General Discussion
In reply to the discussion: The root of all problems with guns [View all]freshwest
(53,661 posts)Last edited Thu Jan 31, 2013, 01:25 AM - Edit history (1)
Took 'em to church and read all the stuff about violence being wrong, selfishness was wrong, practicing forgiveness and love and turn the other cheek. No matter what and I'm wondering if you had those talks with him.
But the other issue is you say your kid knows you love him, but I know that my kid loved me very much, thought I was wonderful, smart and right about things. I was the moral guide. Because we cannot just be buddies and pals to our kids, they have those elsewhere. We bring them into this world and it's our duty to teach them how to survive and have the values that will protect them when no one is looking over their shooulders or forcing them to behave. It has to be ingrained, come to their understanding that there is much more important things that having your own way.

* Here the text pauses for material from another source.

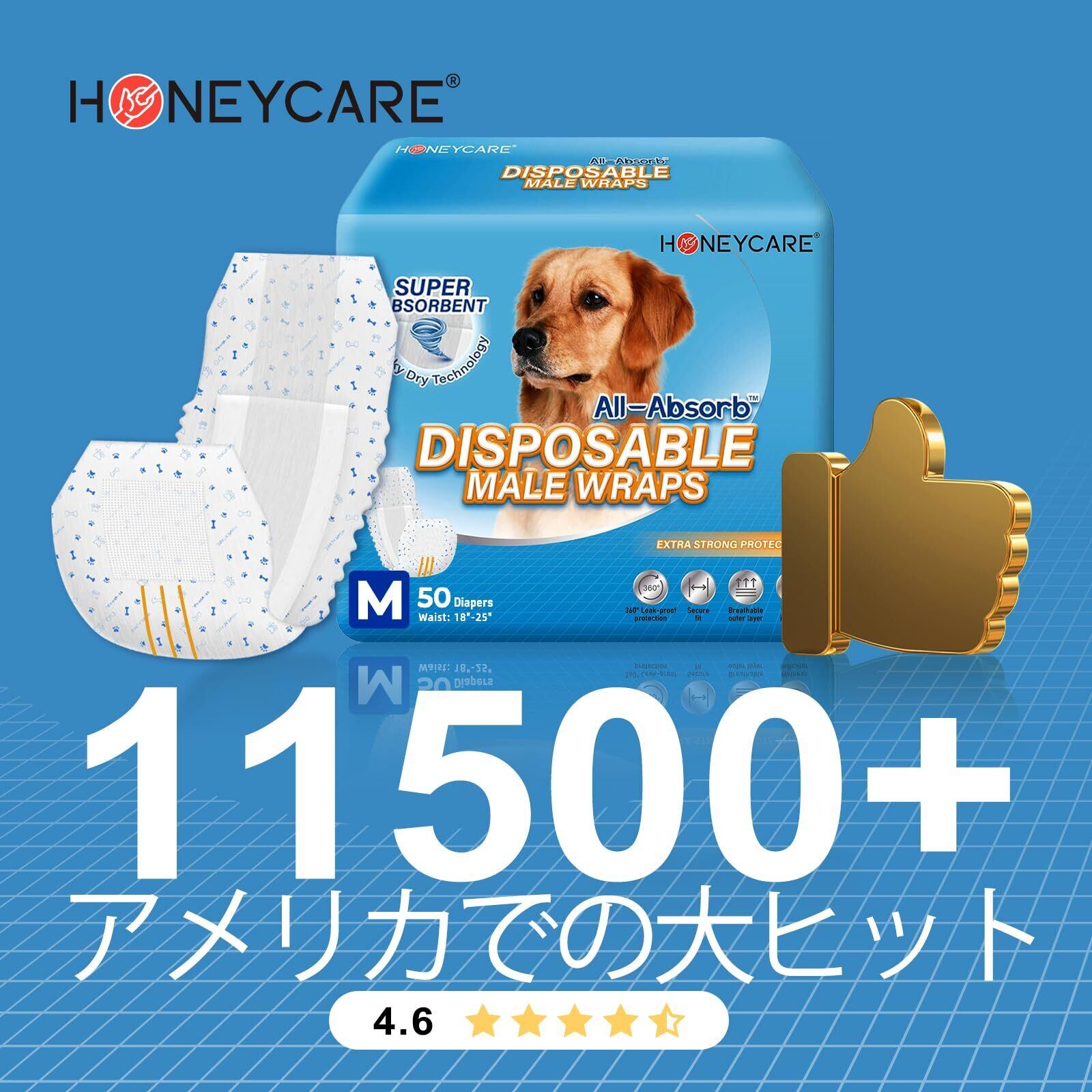 HONEYCARE ハニーケア 犬 おむつ 男の子用マナーおむつ おしっこ用 50枚入り ペット用 高吸収性 柄付き (M)

You seem to be saying that your kid is all powerful and you are helpless. I was big on building my kid's self-esteem, didn't spank, etc. There were anger problems, but more to a lack of understanding what was expected and wanting approval. I acted with respect and demanded the same, to me and everyone else.
No way would I have permitted my kid to get involved with anyone and hit them, that would be grounding until time to leave home. If that was my kid, he'd've heard he was wrong from the time the sun rose until it set until he agreed to change. You have to do something to let him know that his life will be destroyed if he keeps on this path.

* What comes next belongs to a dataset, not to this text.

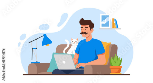 Muž mytí nádobí v kuchyni, ploché vektorové ilustrace. Domácí práce, domácí práce, Úklid, každodenní rutina.

You don't need religion to do it either, we're not religious anymore, but the lessons stayed. No one gets to tell anyone, especially a girlfriend to stay in her place. That's abuse.
Something is seriously wrong with your story here, and I'm almost at the point of thinking you are shining us on. It sounds like you have taken every criticism of liberal child rearing and said you did it, but that's not what you are decribing.
To say that just because you didn't hit him is why he's gone bad, or needs to be terrorized. That's full conservative abuse speak right there. Liberal families I know did not spank, but the children knew that using violence was simply not done. You are painting your child as all powerful, and there is not way that is so.
I'm done I guess, because I'm having trouble believing you here and I'm sorry. Someone else may know better and continue with you. If this is really what is happening and you are this overwhelmed, get help and good luck.